A legislação sobre férias dispõe que a provisão do período de férias é de responsabilidade do empregador. Apesar disso, em algumas situações pode ocorrer a flexibilização. No caso de trabalhadores estudantes — desde que menores de 18 anos — as férias devem ser concedidas, preferencialmente, no período das férias escolares.

O que muda em relação às férias, de acordo com a Reforma Trabalhista?

A Reforma Trabalhista alterou uma série de dispositivos legais que tratam sobre essa legislação. No caso das férias, existem outras alterações além das que foram feitas na forma de concessão, como:

  • As férias devem iniciar com 3 dias de antecedência do final de semana;
  • Devem ser iniciadas sempre com 3 dias de antecedência em relação a feriados;
  • Não existe mais proibição para fracionamento do período de férias para trabalhadores menores de 18 anos e maiores de 50.

Antes da Reforma Trabalhista, conforme a CLT, as férias só poderiam ser divididas em dois períodos e a empresa deveria comprovar a necessidade do fracionamento. Com a Reforma, as férias podem ser divididas em até três períodos, sem a necessidade de justificativa.

Em nenhuma hipótese a empresa pode fazer o fracionamento sem o consentimento do trabalhador, afinal, agora a decisão de parcelar as férias é exclusivamente dele. Além disso, a nova legislação sobre férias determina que, pelo menos um dos períodos deve ser de 14 dias, no mínimo — e os demais devem ser de, no mínimo, cinco dias cada.

Como funciona a remuneração em período de férias?

Durante o período de férias, o empregador deverá pagar normalmente a remuneração do trabalhador. Além disso, é devido o pagamento do adicional de 1/3 do salário, mais conhecido com 1/3 das férias.

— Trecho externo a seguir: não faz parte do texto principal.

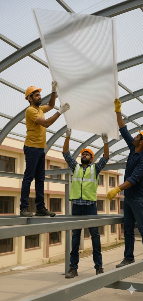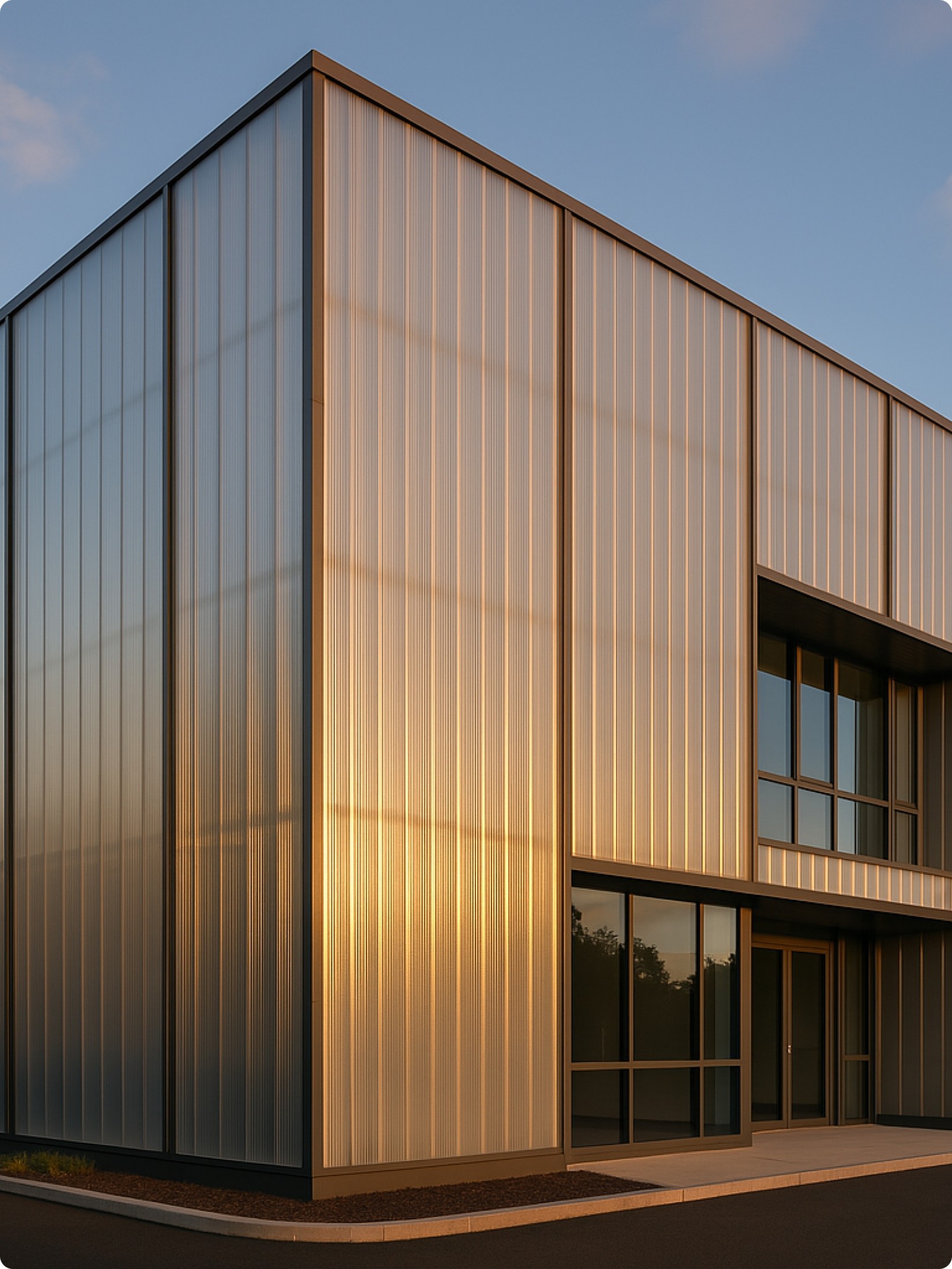 Multicell panels feature a cellular polycarbonate core for strength, insulation, and light diffusion. Ideal for both roofing and cladding, they combine engineering precision with architectural elegance. Perfect for stadiums, airports, warehouses, and premium commercial buildings.

A legislação sobre férias determina que o pagamento do valor referente às férias — acrescido de 1/3 — deverá ser feito em até dois dias antes do início das férias.

O trabalhador pode optar por vender suas férias?

A venda de férias é uma opção dada ao colaborador, entretanto, o chamado abono pecuniário consiste na conversão de apenas 1/3 das férias em dinheiro. Logo, não é possível vender todo o período.

A solicitação do abono pecuniário deve ser feita pelo trabalhador, de modo formal, em até 15 dias antes do vencimento do período aquisitivo. Nesse caso, o pagamento do abono deve ser calculado em cima da remuneração das férias, já com o acréscimo de 1/3.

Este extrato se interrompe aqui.